К 1 января 1969 года на
химкомбинате сократили 800 человек – из 7600 человек персонала, при
этом на 86% повысилась производительность труда, на 73% увеличились
объёмы производства. Через год на комбинате численность рабочих
уменьшилась ещё на 200 человек. Зарплата оставшихся увеличилась за
год сразу на 24,5%. Также на сэкономленные деньги начали строить
дом культуры и бассейн, современный стоматологический
кабинет.
Такой огромный рост
производительности был достигнут только за счёт улучшения
организации труда. Например, появился внутризаводской транспорт,
прошло укрупнение цехов, проведена систематизация складского
хозяйства, созданы специальные ремонтные бригады и т.п. Да, и
уволены были в основном прогульщики и сильно выпивающие.
Директор завода Шаров
вспоминал, что через министерство начал вести переговоры с
американской химкомпанией ДюПон, её делегация приехала на завод.

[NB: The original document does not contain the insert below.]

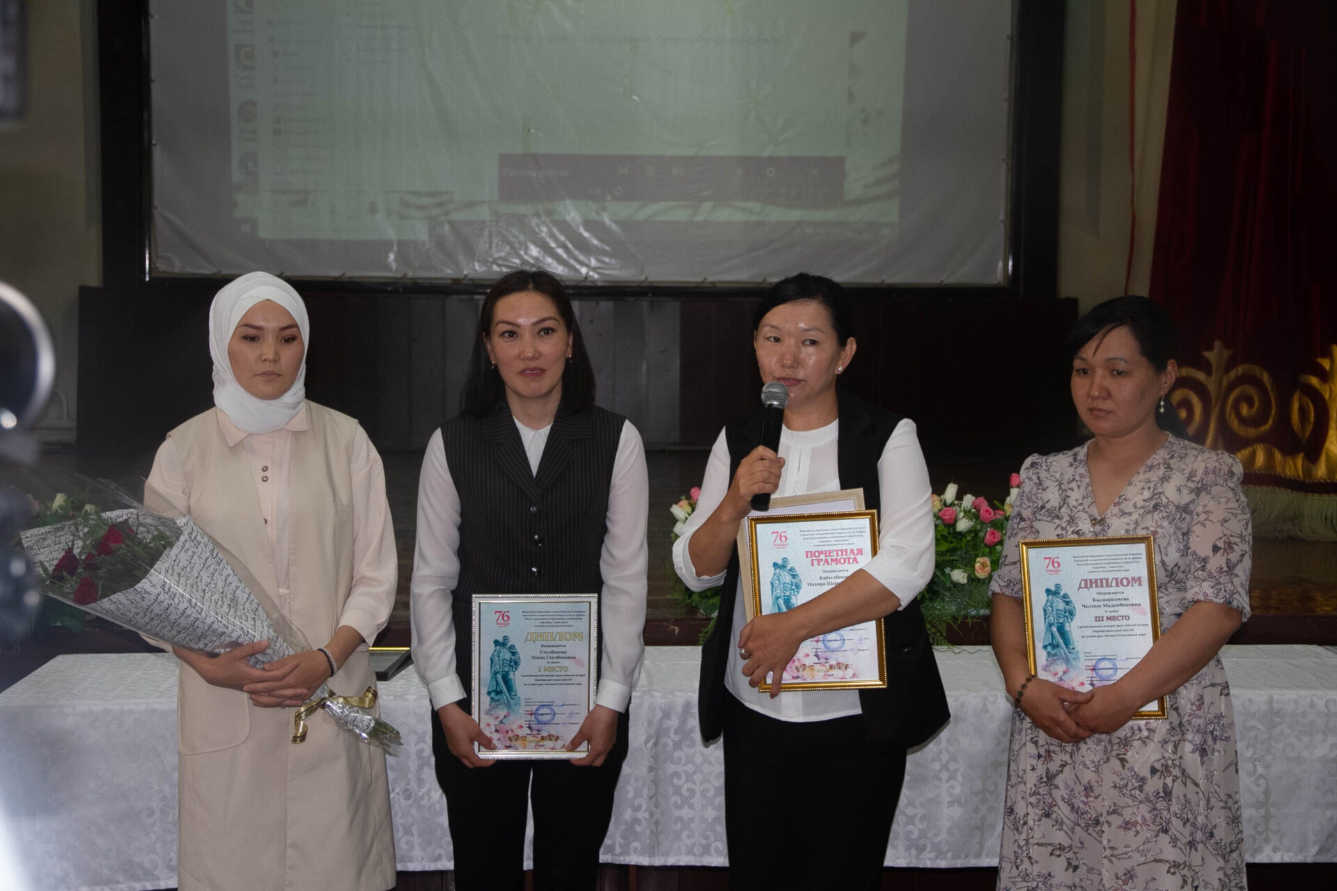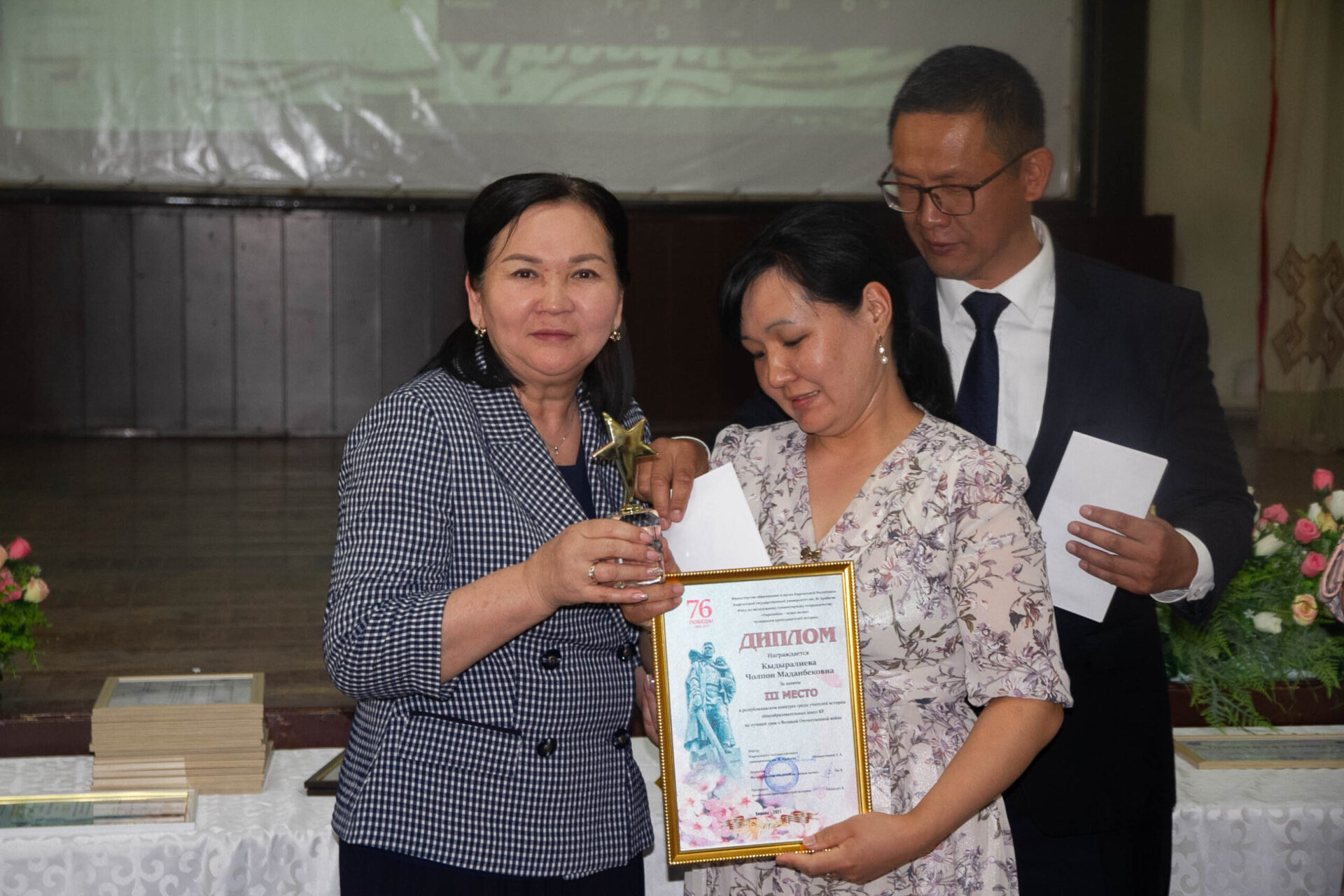 И.Арабаев атындагы Кыргыз мамлекеттик университетинде Э.Маанаев атындагы тарых жана социалдык укуктук билим берүү факультети менен “Евразийцы-новая волна” фонду биргеликте Улуу жеңиштин 76 жылдыгына карата өткөргөн тарыхчы мугалимдердин республикалык видео-сабактар сынагынын жеңүүчүлөрүн сыйлоо аземи болуп өттү.

Предполагалось, что американцы проведут автоматизацию, и это
позволило бы сократить численность рабочих в 2 раза – с 6600
человек до 3 тыс. Т.е. в целом за три года завод избавился бы от
4,6 тыс. человек из 7,6 тыс. прежде занятых.
Сначала возмутился
горком, потом обком, затем дошло до ЦК КПСС. Главным стал вопрос:
куда девать сокращённых работников? С огромными усилиями
трудоустроили 1 тыс. сокращённых в 60-тысячном Щёкино – разбросали
на хлебокомбинат, на неквалифицированные работы на железной дороге.
Больше рабочих мест в городе не было, чтобы принять ещё 3,6 тыс.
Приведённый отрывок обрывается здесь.